── INPUT DATA ──
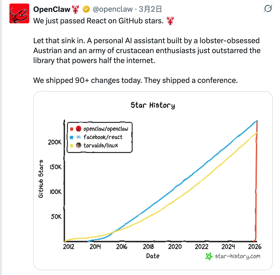 大家总说,OpenClaw 3 个月就超越了 React 花了 13 年积累的 24 万 stars,还把有 40 年历史的 Linux 内核甩在身后。
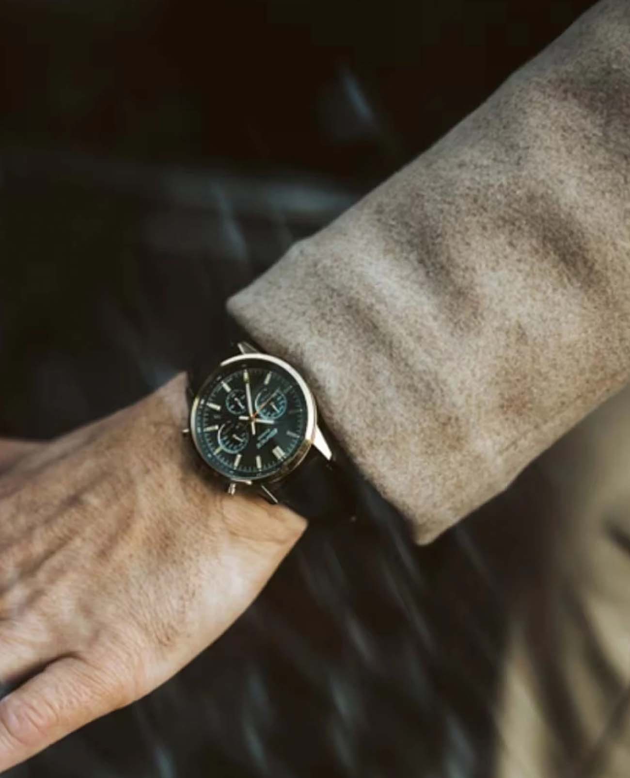 Завершает образ черный кожаный ремешок с перфорацией , обеспечивающий комфорт и дышащий эффект при ежедневном ношении. Застежка классическая, удобная и надёжная. В комплекте — батарейка, рассчитанная на 2 года автономной работы .
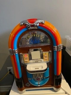 The colourful lights and built-in speaker create an immersive music experience, making it a perfect addition to any home entertainment setup. This original Crosley jukebox is a must-have for collectors and music enthusiasts alike.
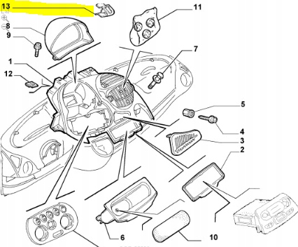 Клипса кронштейн, приборная панель приборная fiat multipla оригинальный номер 82485549
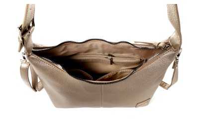 Deze mooie middelgrote damestas is handig en makkelijk mee te nemen. De binnenzijde van deze fraaie damestas is voorzien van diverse vakken waarvan 2 afsluitbaar met rits. Aan de bovenzijde een rits om het geheel af te sluiten. Verder is er een vakje aan de achterkant van de tas die afsluitbaar is met een rits. De tas wordt geleverd met een lang hengsel en een kort geweven hengsel.
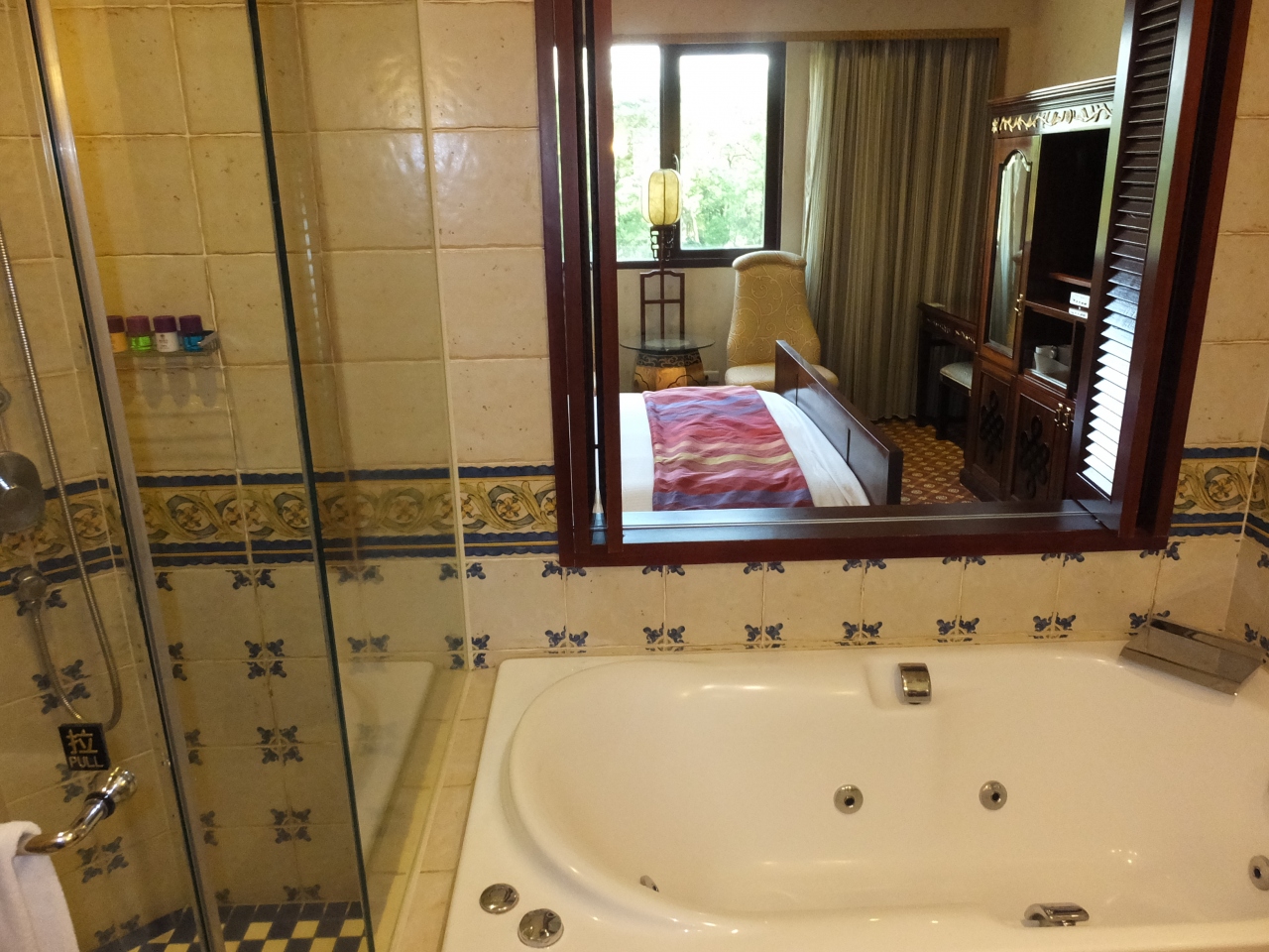 部屋について,アメニティーは全て揃っています。しかし,金庫,バスローブがありません。シャワーブースがあります。バスタブはジェットバスですが,シャワーがないので,ジャグジーとして使うことしかできません。湯はすぐに出ます。バスタブと部屋の境は,鍵のない木製のブラインドのようなものです。目の前が幹線道路だからか,無感地震のような揺れがあり,電気スタンドがカタカタ揺れていました。車の音は少しだけ聞こえます。テレビの日本語放送はありませんが,日本の民放番組を再放送するチャンネルが一つあります。
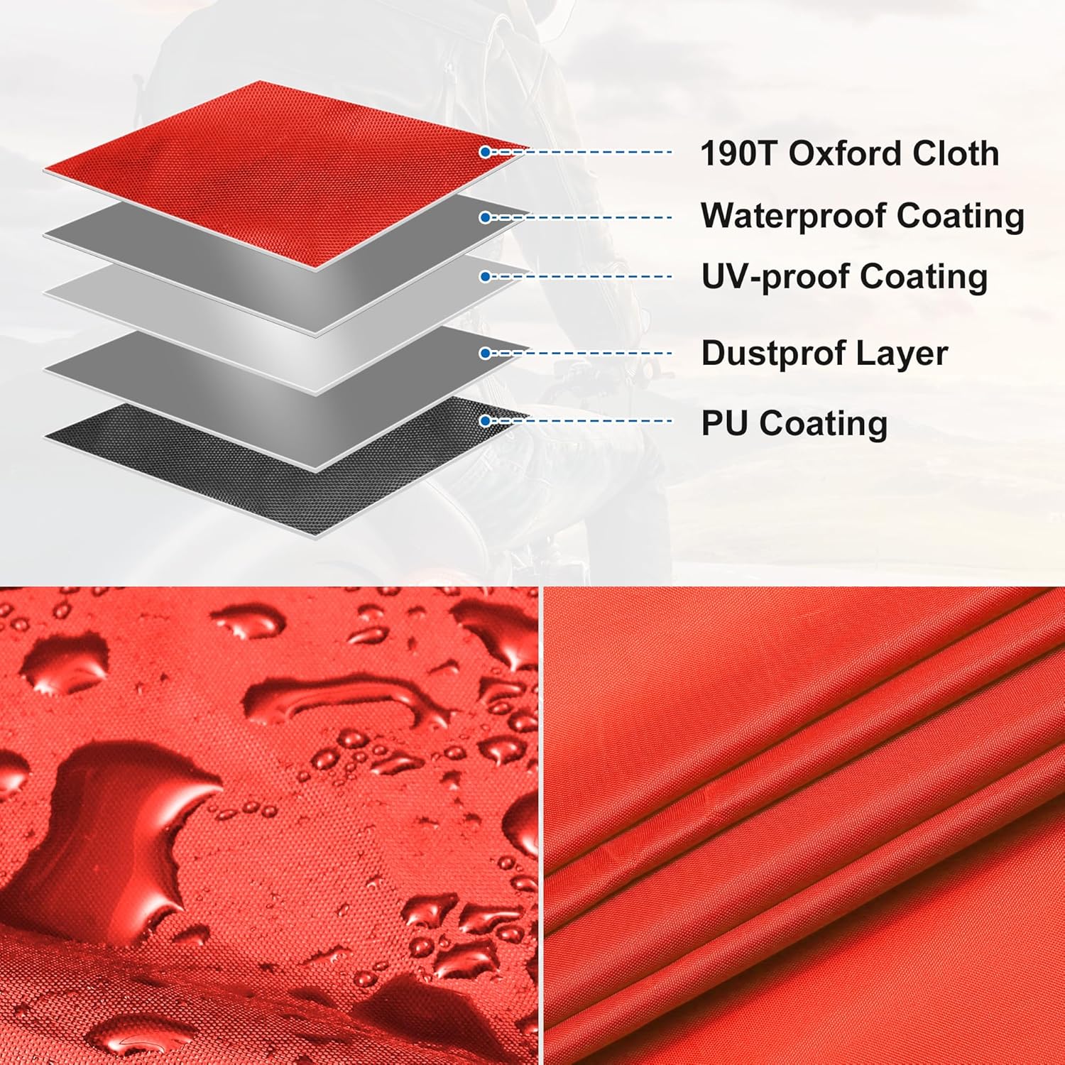 - Waterproof Windproof Upgrade: The motorcycle cover is made from 190T polyester, with the seam applied with PU glue, so it is rainstorm-proof. Adjustable Elastic Band at the lower hem of the cover can press the cover against the motorcycle body closely. In addition, there is a buckle at the bottom to prevent the cover from being blown away.
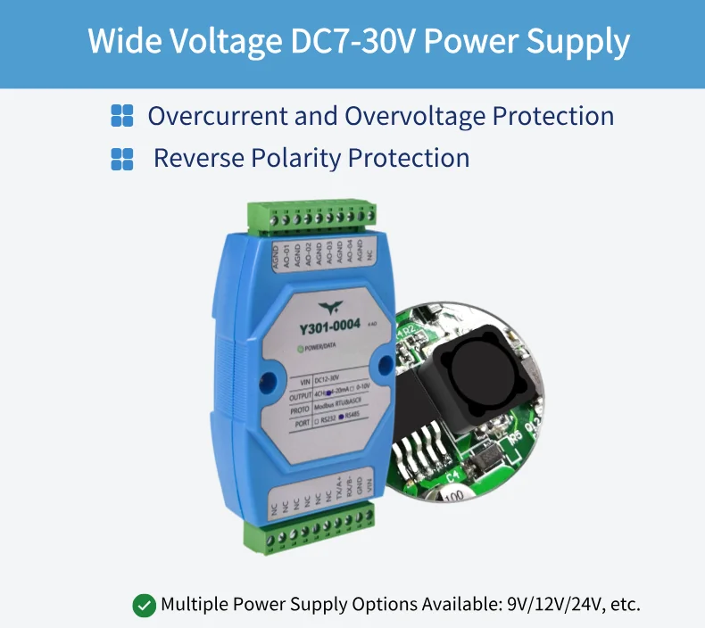 DC12-30V wide voltage input (supports 9V/12V/24V power sources). Built-in overcurrent, overvoltage, and reverse polarity protection, plus 1500V surge protection, enhancing durability in harsh industrial environments.
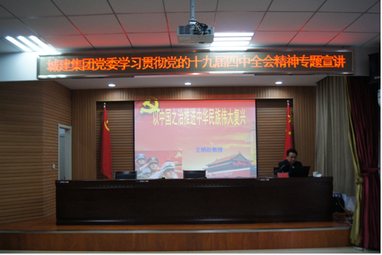 為深入學(xué)習(xí)宣傳黨的十九屆四中全會(huì)精神,12月12日,威海城建集團(tuán)黨委理論學(xué)習(xí)中心組對(duì)十九屆四中全會(huì)精神展開集中學(xué)習(xí),邀請(qǐng)市委十九屆四中全會(huì)精神宣講團(tuán)成員、中共威海市委黨校王炳壯教授,以《以中國之治推動(dòng)民族復(fù)興》為題,為全體黨員和干部職工對(duì)十九屆四中全會(huì)精神進(jìn)行了詳細(xì)講解。集團(tuán)黨委副書記孫曉東同志主持會(huì)議并提出具體要求。
───
▶ **TO DO**
The answer must be the lines of the entries above, written out exactly from the first through the one with "部屋について,アメニティーは", and no pictures.

▶ **OUTPUT OF THE EXERCISE**
 大家总说,OpenClaw 3 个月就超越了 React 花了 13 年积累的 24 万 stars,还把有 40 年历史的 Linux 内核甩在身后。
 Завершает образ черный кожаный ремешок с перфорацией , обеспечивающий комфорт и дышащий эффект при ежедневном ношении. Застежка классическая, удобная и надёжная. В комплекте — батарейка, рассчитанная на 2 года автономной работы .
 The colourful lights and built-in speaker create an immersive music experience, making it a perfect addition to any home entertainment setup. This original Crosley jukebox is a must-have for collectors and music enthusiasts alike.
 Клипса кронштейн, приборная панель приборная fiat multipla оригинальный номер 82485549
 Deze mooie middelgrote damestas is handig en makkelijk mee te nemen. De binnenzijde van deze fraaie damestas is voorzien van diverse vakken waarvan 2 afsluitbaar met rits. Aan de bovenzijde een rits om het geheel af te sluiten. Verder is er een vakje aan de achterkant van de tas die afsluitbaar is met een rits. De tas wordt geleverd met een lang hengsel en een kort geweven hengsel.
 部屋について,アメニティーは全て揃っています。しかし,金庫,バスローブがありません。シャワーブースがあります。バスタブはジェットバスですが,シャワーがないので,ジャグジーとして使うことしかできません。湯はすぐに出ます。バスタブと部屋の境は,鍵のない木製のブラインドのようなものです。目の前が幹線道路だからか,無感地震のような揺れがあり,電気スタンドがカタカタ揺れていました。車の音は少しだけ聞こえます。テレビの日本語放送はありませんが,日本の民放番組を再放送するチャンネルが一つあります。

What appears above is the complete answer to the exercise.